Later that day I am on my way to the hospital and I call to make sure she got in ok, and she did, and she tells me that my aunt Margie cleaned her entire house while she was gone, I am talking about scrubbing the kitchen, flowers on the table, the whole deal, and my mom is literally crying because she is so touched.
And I know this makes me a bad person, but it is all I can do to not say, voice dripping with sarcasm, “Yeah, it sure is nice to have someone take care of you, isn’t it?” Or I guess maybe I’m not such a bad person because I don’t end up saying every shitty thing that comes into my mind. I am annoyed, because being taken care of is what I really want and need at this point. I am getting up in the middle of the night every night, I am running around trying to do everything, I am exhausted, and I just feel like I really would have liked to have someone take care of me.

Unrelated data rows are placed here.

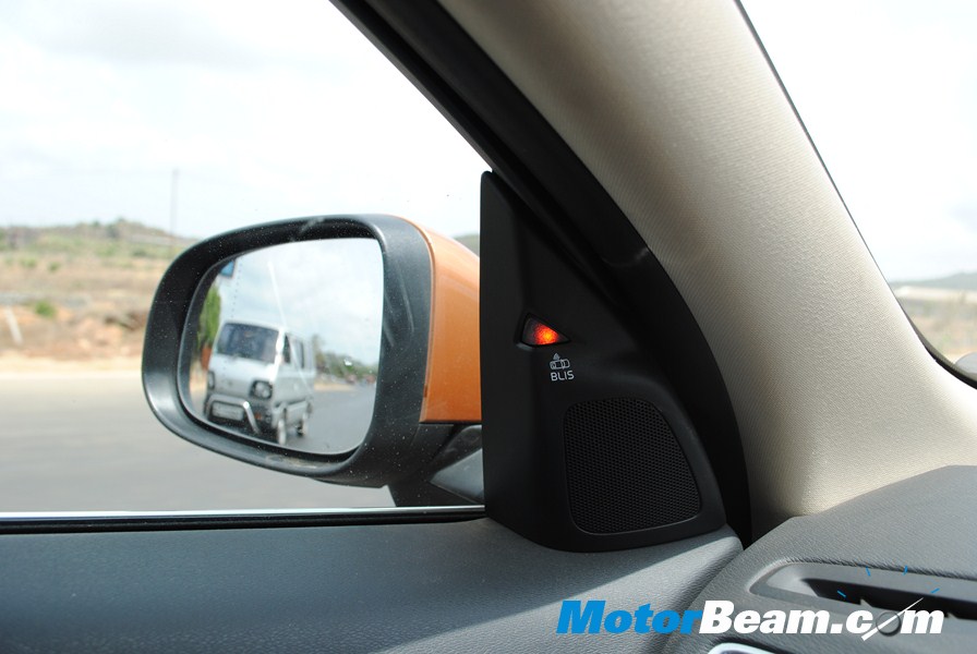 The BLIS (Blind Spot Information System) ensures your blind spot is clear all the time. A camera is mounted below the external rear view mirror, which moniters objects in the blind spot and alerts the driver via a small light as shown.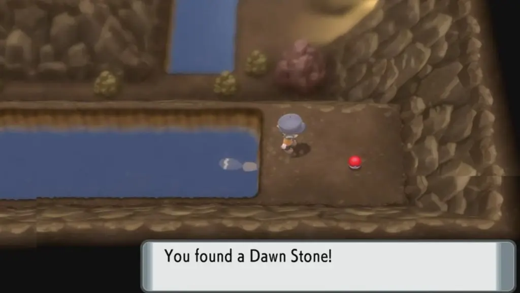 You can also find Dawn Stones inside Mount Coronet. Head into Mt Coronet from Route 207 which is located north of Oreburgh City. Go to the bottom of the screen, then surf on the patch of water next to the smashable rocks. On the other side, you will find a Dawn Stone.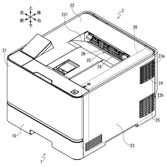 【解決手段】画像形成装置1は、第1ルーバー24を備える筐体2と、筐体2内の空気を筐体2外に排気する第1ファン71であって、第1ファン71による空気の第1排気方向において第1ルーバー24の上流側に配置され、第1排気方向の下流端に位置する第1下流端71aを備える第1ファン71と、第1排気方向に沿って延び、第1排気方向の下流端に位置する第2下流端27aを備え、第1ファン71を収容する第1ダクト27と、第1排気方向において第1ファン71と第1ルーバー24との間に位置する第1排気フィルタ73と、第1排気方向において、第1ダクト74および第1ファン71と第1排気フィルタ73との間に位置し、第1ダクト27の第2下流端27aおよび第1ファン71の第1下流端71aの少なくとも一方と第1排気フィルタ73とに接触する第1弾性体76とを備える。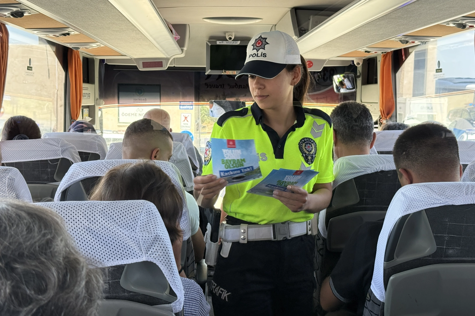 Denetimlerde sürücülere ve yolculara emniyet kemerinin önemi anlatıldı, bilgilendirici broşürler dağıtıldı.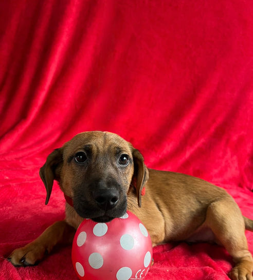 Chili ist der kleine Wirbelwind der Gruppe. Er startet jedes Spiel und jeden Unfug, ist immer mittendrin statt nur dabei und kaut begeistert alles an, was ihm in die Quere kommt. Besonders liebt er Ballspiele und kann sich dafür kaum bremsen. Gleichzeitig achtet Chili sehr auf den Menschen, sucht aktiv den Kontakt und genießt Aufmerksamkeit und Nähe. Er ist fröhlich, lebhaft und voller Energie – ein typischer Welpe mit großem Herz. Seine Endgröße wird auf ca. 45-50 cm geschätzt.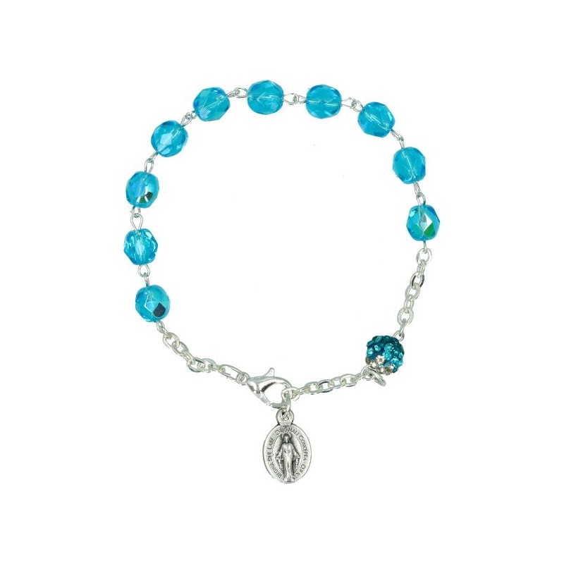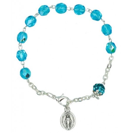 Bracelet semi-cristal bleu clair + Méd. Miraculeuse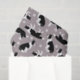 Cute black and white border collies sit, stay and rollover on a grey background with pawprints, a fun dog themed pattern.
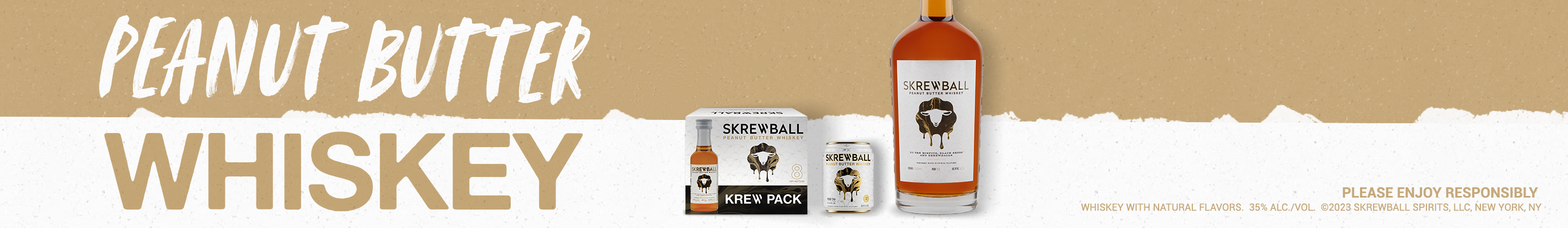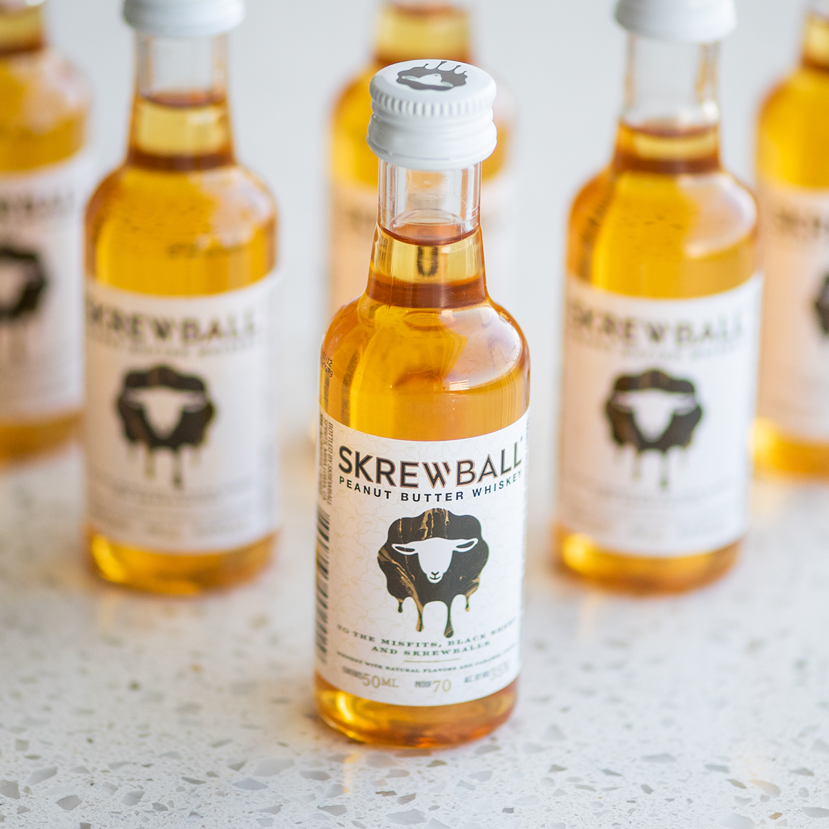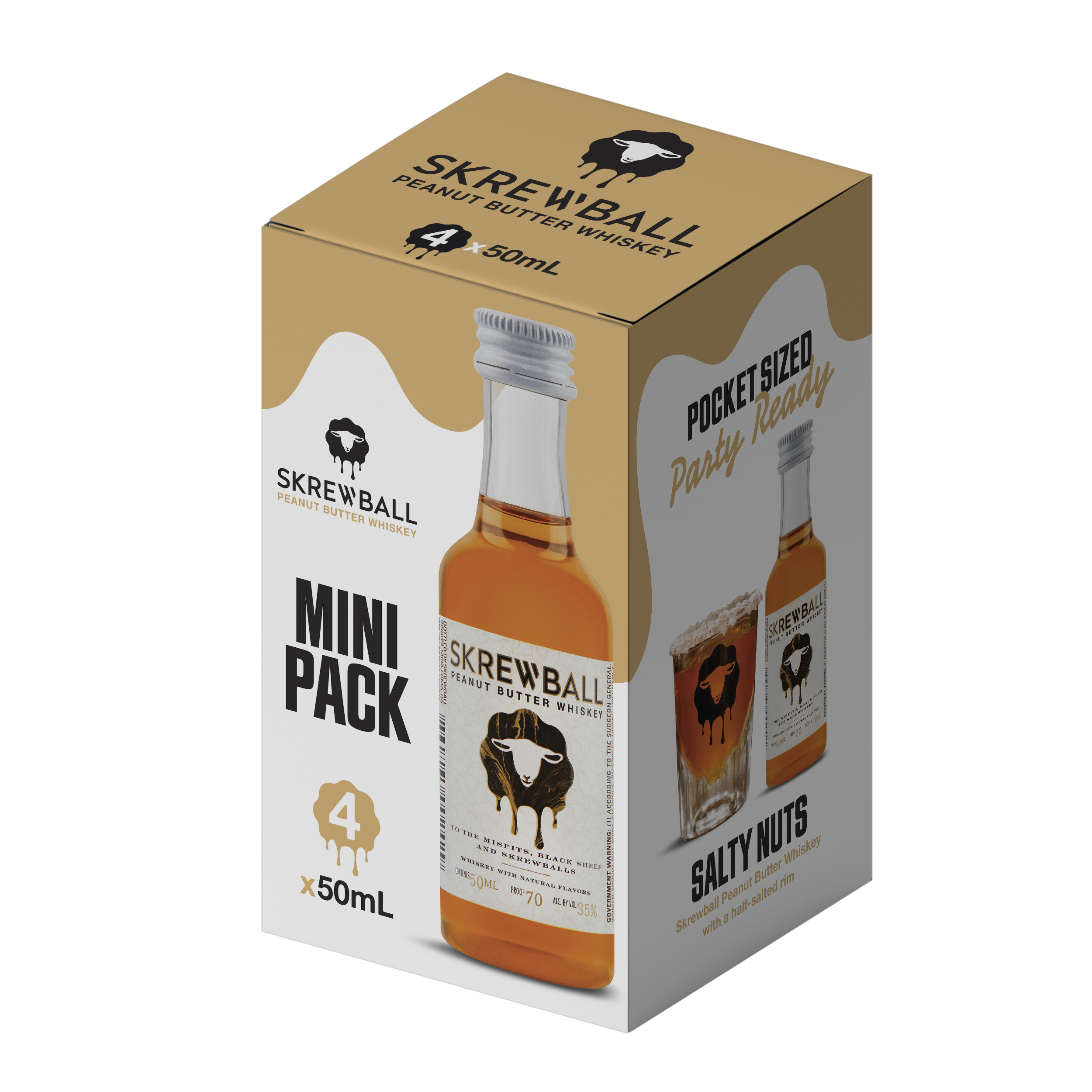Product Title - Full (Computed) Skrewball Peanut Butter Flavored Whiskey With Natural Flavors, 4 Pack, 50 ml Bottles, 70 Proof SKU Name SB PBW 120/50 30X4PK PT US Marketing Brand (Computed) Skrewball Sub-Brand SKREWBALL WHISKEY SKU 87500010 UPC 860265002429 GTIN 10080432002503 Package UPC 080432002506 Country Of Origin United States CATEGORY DOMESTIC WHISKEY Manufacturer Pernod Ricard Short Description Skrewball embodies the bold flavors of smooth whiskey and creamy peanut butter. It was a bold choice, but Skrewball’s mix of sweet & savory flavors is exactly what makes it uniquely appropriate for any occasion, and pleasantly satisfying for even the most skeptic of your krew. Long Description Skrewball Peanut Butter Whiskey embodies both smooth whiskey and creamy peanut butter flavors simultaneously. This flavored whiskey offers an original and unique flavor profile, a delicious and harmonious blend of sweet, salty, savory, and smooth that is unlike anything you've ever tasted before. Founded in 2018 in San Diego, CA, by husband-and-wife duo Steven and Brittany Yeng, Skrewball emerged when co-founder Steve, newly arrived from Cambodia, discovered the fascinating flavor of peanut butter, leading to the creation of a renowned peanut butter whiskey cocktail. He joined forces with his wife Brittany, a skilled chemist, to create the award-winning Skrewball recipe. Crafted with both bartenders and drinkers in mind, this peanut butter whiskey is a standalone spirit that tastes great on its own and plays well in alcoholic drinks and cocktails like a Peanut Butter Old Fashioned, Nutty Russian, or Skrewball Mudslide. Enjoy Responsibly. Feature Bullet 1 THE ORIGINAL: Peanut butter whiskey made with a quality-first approach; embodying both smooth whiskey and creamy peanut butter flavors Feature Bullet 2 INCLUDES: Four 50 mL bottle of Skrewball Peanut Butter Whiskey with Natural Flavors; 70 proof or 35% alcohol by volume; Enjoy responsibly Feature Bullet 3 Consumption Tip: Enjoy this liquor as a shot, neat, over ice, or in cocktails like a Peanut Butter Old Fashioned, Nutty Russian, or Skrewball Mudslide Feature Bullet 4 FLAVOR & NOTES: A unique and original flavor profile: a mix of sweet, salty, savory, and smooth that defies expectations of whiskeys Feature Bullet 5 CONTAINS PEANUTS: Whiskey with Natural Flavors Feature Bullet 6 AWARD-WINNING WHISKEY: Skrewball Peanut Butter Whiskey won double gold at the 2021 Sip Awards Feature Bullet 7 WE ARE THE SKREWBALLS: Skrewball is a perfect celebration of the unexpected, wild and wonderful in all of us Net Content (Computed) 50 ml Bottle Length 1.25 Bottle Width 1.25 Bottle Height 4 Bottles Per Case 120 Case Length 16.63 Case Width 13.88 Case Height 4.56 Case Weight 22 Proof 70

And my mom just can’t. I mean, it’s not like she did nothing, she did a lot of things–she hung our Christmas decorations, she took Rowen to school every day, she went grocery shopping, but the logistical support was not overwhelming the way that my aunt’s scrubbing my mom’s house was. Stuff got done at a maintenance level, which is admittedly more than I could have ever done on my own, but I never had that “Relax, I’ll take care of everything” feeling. And I was keenly aware the whole time that my mom had this agenda about bonding with Rowen, and as her outburst showed, she can’t really take care of me emotionally, so I just feel like a petulant little kid when I hear that someone has done this overwhelming nice thing for my mom, because that’s what I want.